Let's first find out the probability of the tail appearing on the \(n\)th flip. Since the coin is fair, the probability of getting tails on any single flip is \(0.5\), and the probability of getting \(n-1\) heads in a row before the first tail appears is \((0.5)^{n-1}\). For example, if \(n=3\), the probability of the outcome is \(0.5^2 = 0.25\) because there are two coin flips with heads.

For each outcome, we are given that the person wins \(2^n\) dollars. Given a certain number of flips, \(n\), we can calculate the winnings as \(2^n\) dollars.

The expected value of the player's winnings is the sum of the expected winnings for each outcome. For each outcome, we multiply the probability of the outcome with the corresponding winnings.

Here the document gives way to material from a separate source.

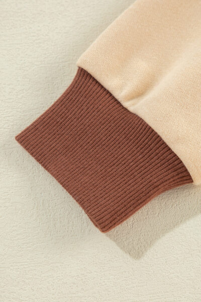Light French Beige Striped Colorblock Patchwork Collar Sweatshirt

Mathematically, we can write this as: \[E[X] = \sum_{n=1}^{\infty} P(\text{tail on }n\text{th flip}) \times (\text{winnings on }n\text{th flip})\] \[E[X] = \sum_{n=1}^{\infty} (0.5)^{n-1} \times (2^n)\] Next, let's simplify the expression above: \[E[X] = \sum_{n=1}^{\infty} (\frac{1}{2})^{n-1} \times 2^n\] \[E[X] = \sum_{n=1}^{\infty} 2\] Since the summation diverges, the expected value of the player's winnings is \(\infty\). This means that, theoretically, over an infinite amount of games, the player should have infinite winnings, which is referred to as the St. Petersburg paradox.

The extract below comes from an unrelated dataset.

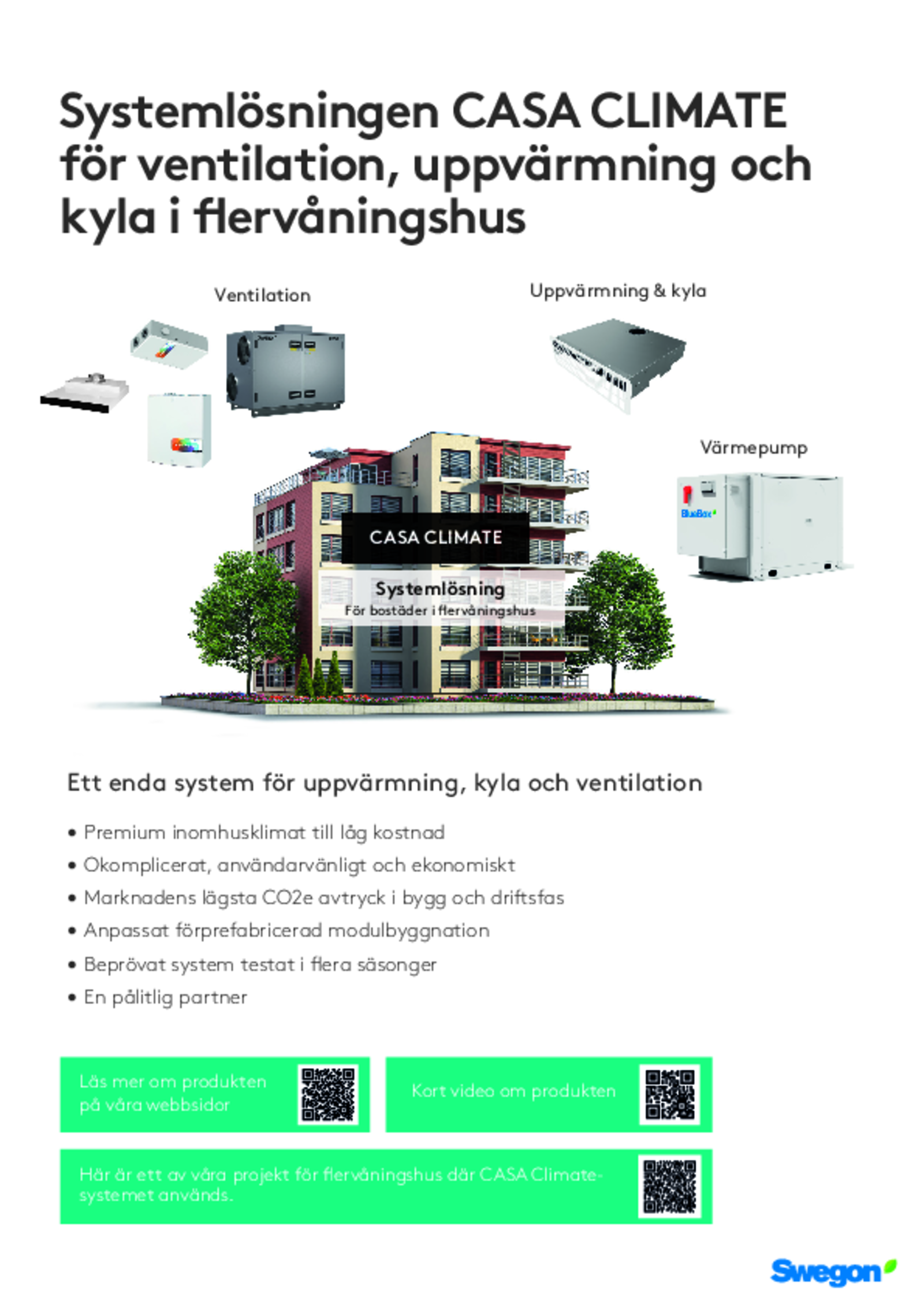 CASA Climate är ett unikt system för värme, ventilation och kyla, i flerbostadshus. En prisvärd och ekonomisk lösning som är utformad för behoven i bostäder som förenklar konstruktions- och byggprocessen eftersom de olika klimatkomponenterna arbetar sömlöst tillsammans och levereras av en och samma pålitliga partner. För de boende erbjuder modulen ett optimalt inomhusklimat som lätt kontrolleras från en manöverpanel och de olika systemen kommer inte i konflikt med varandra. För fastighetsägarens del garanterar CASA Climate energieffektiv och ekonomisk värme, kyla och ventilation under hela sin livscykel.

(a) Considering that the expected value of the winnings is infinite, it might seem that paying \(1\) million dollars to play the game once is a good idea. However, people usually refuse this offer because the potential loss of \(1\) million dollars is significant. Moreover, the most probable outcomes of the game provide much lower winnings compared to the cost, and the small probability of extremely large winnings does not compensate that risk. (b) If a player had the option to play the game for as long as they liked and only settle up when they stopped playing, they might be more willing to pay \(1\) million for each game. In this scenario, the chances of having a large winning increase as the number of games also increases, and it might help players to offset the costs. However, people still may not be willing to take the risk, as the potential loss could be significant if they need to stop playing earlier than they planned.